American television producer, director and writer

David P. Levin (born August 5, 1958) is an American producer, director, writer and editor. In the early days of MTV, he produced Rockumentaries on Madonna and Michael Jackson, and later went on to help create and develop the "Uncensored" brand for MTV. Later on he created, produced and directed TV Land Confidential for TV Land, and also produced and directed When Pop Culture Saved America, Which Entertainment Weekly cited as one of the 10 specials to watch on the tenth anniversary of the 9/11 Terrorist Attacks. He is the founder of BrainStorm Inc., a video production company with a focus on television projects.

==Early life==
Levin was born in Framingham, Massachusetts. He grew up in Teaneck, New Jersey, and graduated from Teaneck High School.

Levin attended Rutgers University, where he created Knight Time Productions in 1979, the first student-run television production group at the university. Prior to the establishment of RU-TV in 1999, this group was responsible for all the student television on the New Brunswick Campus of Rutgers.

==Career==
Upon graduation, Levin began as an editor, and later worked as a director/producer/writer for a variety of companies, including American Movie Classics, USA Network and MTV. While at MTV, he produced several episodes of the "Rockumentaries" series, including Madonna, Elton John and Michael Jackson.

Levin co-created the long-running, Emmy nominated series "MTV Uncensored" for the network. Later he went on to create "TV Land Confidential", "The A-List", for Animal Planet, and the pilot for the comedy series "Take Two" which starred Anson Williams, Don Most and Beth Littleford.

In 2011, Levin wrote, directed and produced "When Pop Culture Saved America", a documentary commemorating the tenth anniversary of the September 11 attacks. The show dealt with the impact of pop culture on the country in the aftermath of the attacks, and how they helped to heal the United States. The documentary premiered on A&E's The Biography Channel without commercial interruption on the tenth anniversary of the attacks.

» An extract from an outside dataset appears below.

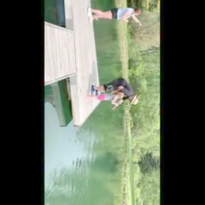 On a dock by a lake, a man tries to help a girl cast her fishing pole. She throws it into the lake. A young boy watches. Caucasian.

Levin has also written several books: two children's story books featuring Superman as well as MTV Uncensored, a coffee-table book released for the twentieth anniversary of MTV. Levin was also the writer of what is thought to be one of the rarest Superman comics ever published, titled "This Island Bradman" (artwork by Curt Swan), a comic book that was privately commissioned in 1988 by real estate tycoon Godfrey Bradman as a Bar Mitzvah gift for his son. He also wrote one of the issues of DC Comics Bonus Book, for issue #24 of Justice League International in February 1989.

Levin is also the host and executive producer of "POP GOES THE CULTURE TV", a YouTube channel.

Levin is co-creator of "Monsters Aren't Real???", a new AI slop comedy series along with children's author, Nancy E. Krulik, slated for release in 2026.